Chen Ping'an acababa de beber un sorbo de vino de Pequeña Refinación, y tenía el rostro ligeramente sonrojado. Pei Qian, al otro lado del mostrador, se ponía de puntillas, en completo silencio, mirando fijamente a Chen Ping'an beber.
Chen Ping'an dejó la calabaza y preguntó al azar: "¿Extrañas la Tierra del Loto?"
Pei Qian negó con la cabeza.
Chen Ping'an sonrió: "¿Ni siquiera a tus padres?"
Pei Qian dudó un momento, y luego negó de nuevo.
Preguntó: "¿Te has enojado?"
Chen Ping'an no respondió si o no, sino que preguntó: "¿Por qué no quieres extrañarlos?"
Pei Qian, con expresión serena, hizo un gesto de desdén: "Simplemente no quiero pensarlo".

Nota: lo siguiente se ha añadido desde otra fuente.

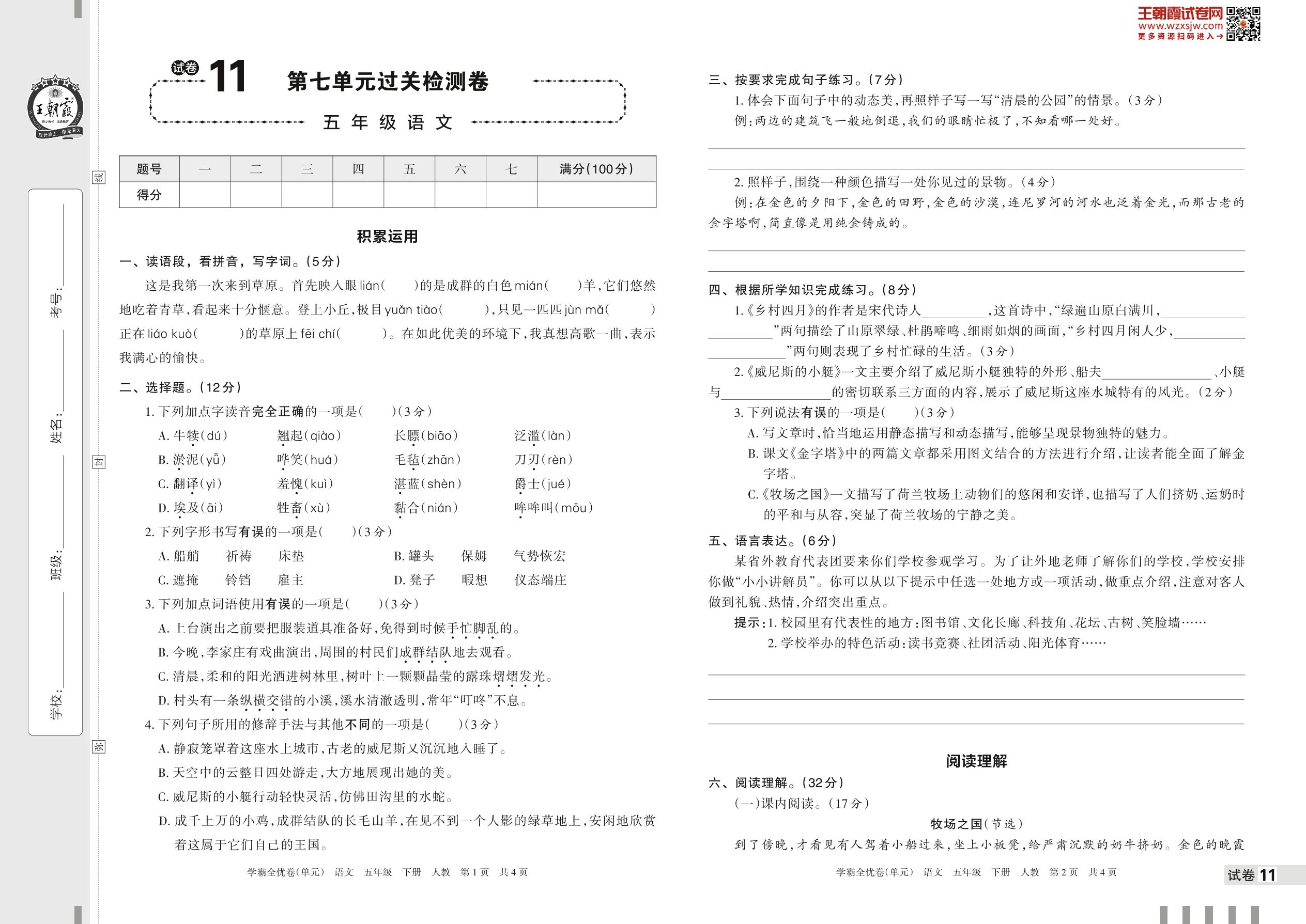 2023下册五年级语文人教版 试卷11 第七单元过关检测卷

Al ver que Chen Ping'an parecía no enfadarse,
la niña flacucha se apoyó en el mostrador, se pegó el talismán en la frente de un golpe, y después de un largo silencio, dijo lentamente: "Cuando mi tierra sufrió una desgracia, en la huida, mi madre murió de hambre en el camino. Mi padre me llevó hasta las afueras de la capital del Reino de Nanyuan. Durante el viaje, mi padre obligaba a mi madre a buscar a otros hombres para conseguir algo de comida. Al principio mi madre no quería, y mi padre la agarraba del pelo y la golpeaba sin piedad. Yo entonces solo sabía llorar, y cuando intentaba detenerlo, mi padre me tiraba al suelo también; él era hombre y tenía más fuerza. Luego, cuando mi madre conseguía comida, mi padre comía más, mi madre menos, y yo la menor. Una vez, me desperté a medianoche y vi a mi madre salir a escondidas, y a mis espaldas, comerse un pan moreno. Entonces volví a dormir. Luego, mi madre pareció enfermar, y mi padre no le hizo caso. Al principio la cargaba, pero un día me dijo que mi madre había muerto de hambre. Después, mi padre encontró a alguien, pero no pudo venderme, así que me mandó a robar. Me golpearon varias veces, y él me llamaba torpe. Así, caminando, llegamos a las afueras de la capital. Mi padre tuvo mejor suerte: los ricos fuera de la ciudad habían abierto un puesto de gachas y también daban panes blancos. Mi padre comió tan rápido, o algo así, que parece que se atragantó con el pan y murió. Yo me quedé mirando, y sin saber por qué, solo pensé en una cosa: no sé si allá abajo, mi padre alcanzará a mi madre, para hacerle compañía".
Chen Ping'an se inclinó hacia adelante, le acarició la cabeza y dijo: "Vete a dormir pronto".
Pei Qian sonrió, dijo "Ay", y se fue saltando a dormir, gritando: "¡Tengo talismán, fantasmas y monstruos, vayanse pronto!"
Chen Ping'an se quedó solo.
A partir de ese día, se volvió cada vez más estricto con Pei Qian, hasta el punto de sentarse a su lado todos los días para verla copiar caracteres, uno por uno.